Well, I, too, feel love of our country and concern for our future, which is why I worry when Mitt Romney says that “[i]t’s time for innovation and transformation in Washington” (was it ever not?) or that “America can also overcome the challenges and seize our abundant opportunities here at home.” (Does any candidate think otherwise?) Or when Rudy Giuliani promises a “mission of reform and change” (as opposed, presumably, to a mission of entropy and stasis).

The truth, of course, is that political campaigns get interesting only when the candidates stop speaking in ringing generalities and infuriating phrases, which doesn’t mean that they therefore become successful or even good for the country. Sen. John McCain’s 2000 campaign appealed precisely because he eschewed pre-prepared gobbledygook—though that wasn’t enough even to win the Republican nomination. I am also still convinced that voters originally liked George W. Bush’s inarticulacy: At least he didn’t sound quite as smooth, and ultimately meaningless, as everyone else. Only with time did his natural-born inability to speak English begin to produce infuriating phrases of truly unique pointlessness: “These are big achievements for this country, and the people of Bulgaria ought to be proud of the achievements that they have achieved” was a recent classic. (Click here for more “Bushisms,” lovingly recorded by the editor of Slate.)

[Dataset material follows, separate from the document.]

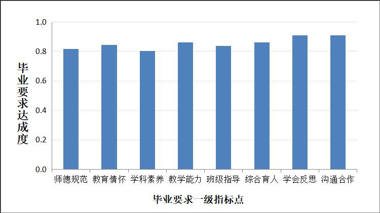立德树人,德育为先,专业通过课堂教育、第二课堂教育等多种途径引导和促进师范生热爱中国共产党、热爱祖国、热爱社会主义,爱岗乐教,立德树人。“师德规范”毕业要求由《思想道德修养与法律基础》、《中国近现代史纲要》、《马克思主义基本原理》、《毛泽东思想和中国特色社会主义理论体系概论》、《教师职业道德专题教育》、《教育学基础》、《教育实习》、《形式与政策》等课程形成高支撑。基于高支撑课程的直接评价,师德规范二级指标1-1、1-2、1-3达成度分别为0.74、0.83、0.81,师德规范一级指标的达成度为0.74。第三方对本专业2020届从事教育工作的毕业生进行了师德规范的调查,毕业生认为师德规范符合度为100%,其中认为“很符合”占比84.52%,用人单位对酷爱成人网 生物科学专业毕业生思想品德与职业道德的满意度为100%,其中“很满意”占比73.33%,达成情况良好。

At the moment, the brightest new hope for the English language is Barack Obama, a fact I didn’t fully appreciate until I inattentively read what I thought was his best-selling new book, Dreams From My Father. Expecting a dull political tract, I discovered an engaging story of his enigmatic father and his eccentric childhood, full of unexpected observations about race and identity in America and Africa, written with real elegance. “Miscegenation,” he writes at one point: “The word is humpbacked, ugly, portending a monstrous outcome: like antebellum or octoroon, it evokes images of another era.”

Then I discovered that I’d read the wrong book: Obama wrote Dreams From My Father 15 years ago, before becoming a political candidate of any kind. Though his recent “elect-me-president” book, The Audacity of Hope, has been praised for its prose, the jacket blurb describes it as “Senator Obama’s vision of how we can move beyond our divisions” to create a “radically hopeful consensus.”

I hear what they’re saying, but, with all due respect, I’m putting off reading it, afraid the rot might have set in. Let’s face it, guys: No good writer, however eloquent, can possibly survive a two-year presidential campaign.